2013 Dodge Grand Caravan SXT All About Value and Functionality

2013 Dodge Grand Caravan SXT

2013 Dodge Grand Caravan SXT, images courtesy Dodge

An automotive anniversary is quietly approaching, but I doubt anyone will notice. Of course I am not talking about the 50th anniversary of Mustang – no, I am speaking of the 30th anniversary of the minivan.

Yes, that once-ubiquitous soccer-mom vehicle is still rolling off the assembly lines despite being outpaced over the last two decades by SUVs and CUVs. While the number of models available are about half what they were 20 years ago, the granddaddy of them all – the Caravan from Dodge – is getting ready to hit the big 3-0.


Now offered only in Grand Caravan form under the Dodge family (and sibling Town and Country at Chrysler), the minivan continues to offer value and functionality for the modern family while also being quite popular in commercial and fleet applications. When faced with the decision of which rental vehicle to choose from last fall, the Mrs. and I picked a Chrysler Group minivan as our mode of transportation as we enjoyed the California Coast and Wine Country with my brother – and we had plenty of room for luggage and wine parcels.

Our most recent tester was the 2013 Dodge Grand Caravan SXT; it bills itself as the only minivan in America to offer power dual sliding doors and power liftgate that is priced under 30 grand (way under as base MSRP is $26,695).
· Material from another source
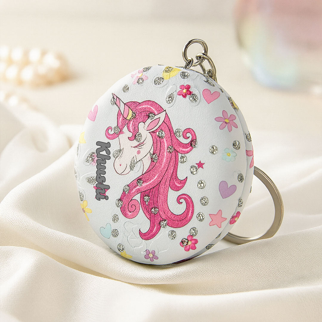 | Design | Unicorn with rhinestones, hearts, and floral art |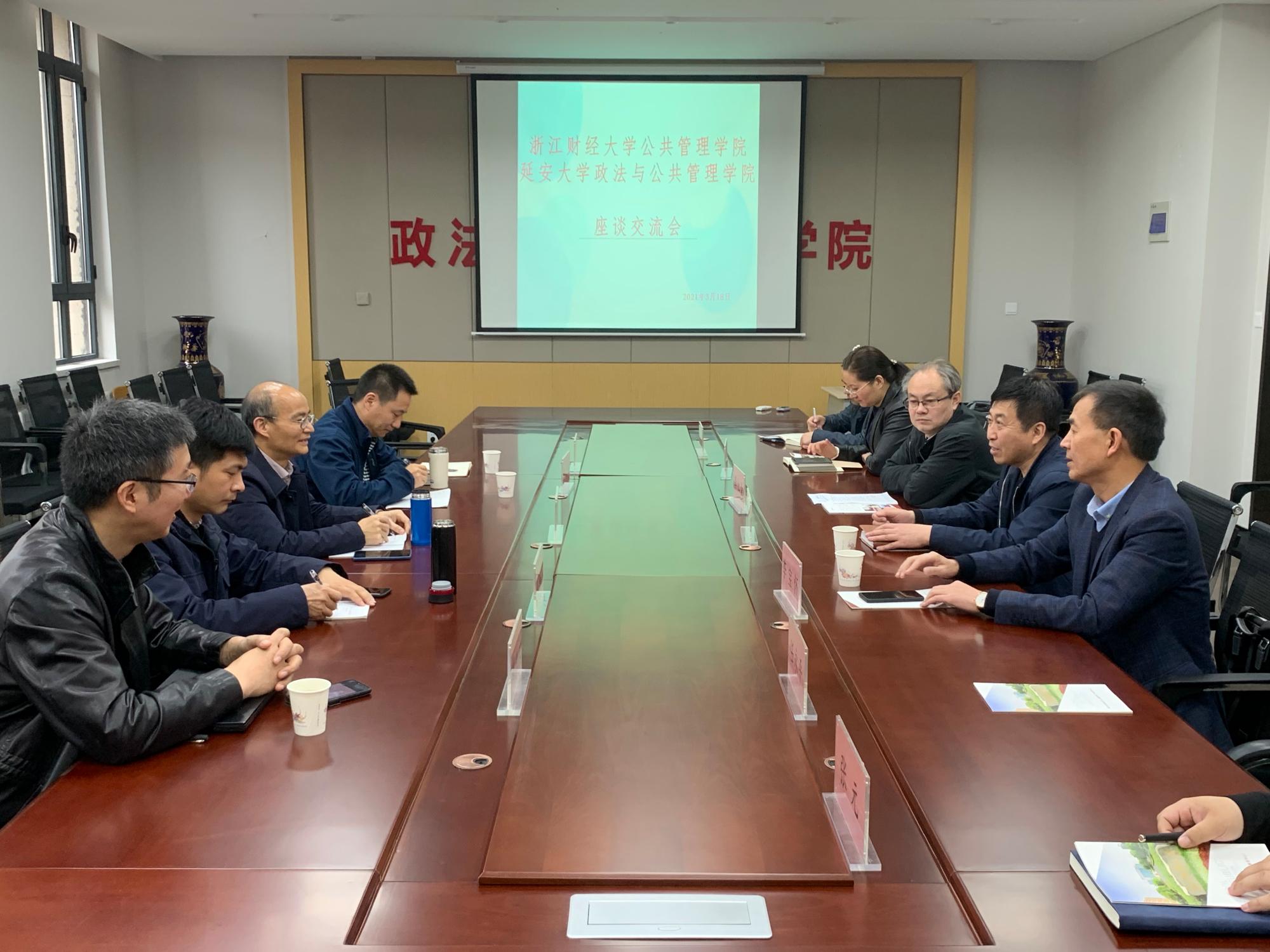 冯志宏院长等领导介绍了学院起源、师资队伍、一流专业建设、学生考研等方面的经验做法。双方围绕相关话题进行了热烈的讨论,并就深入推进社会合作等事项进行了交流。调研组一行还参观了延安新校区和红色学习基地建设,听取了延安大学的建设汇报。

A couple of new items have been added to the minivan models this year, and they include industry-first dual-screen Blu-Ray DVD video system as well as Trailer Sway Damping for drivers wishing to tow with their Grand Caravan.

The Chrysler Group introduced Stow-N-Go seating years ago in its minivans, and that is still a top selling point for the models as both second- and third-row seats completely disappear below the cargo floor (or the wells can be used for storage when the seats are upright).


For me, the best thing to happen to these minivans lately is the new Pentastar 3.6-liter V-6 engine backed by six-speed automatic transmission. I am still not too keen on the dash-mounted shifter, but the powertrain combo works well, offers plenty of power (283 ponies and 260 lb. ft. of torque) and delivers acceptable fuel economy at 17 mpg city and 25 mpg highway. It is also covered by a healthy 5-year/100,000-mile warranty.

By the numbers, the 2013 Grand Caravan SXT seats up to seven in three rows, can tow up to 3,600 lbs. and offers up to 143.8 cu. ft. of cargo space. Dodge offers more than 45 safety, security and technology features in its minivans that includes three-row side curtain airbags, blind-spot monitoring and rear cross path detection system. Uconnect infotainment is available, and it includes navigation, satellite radio with hard drive, SiriusXM Travel Link and rear camera system.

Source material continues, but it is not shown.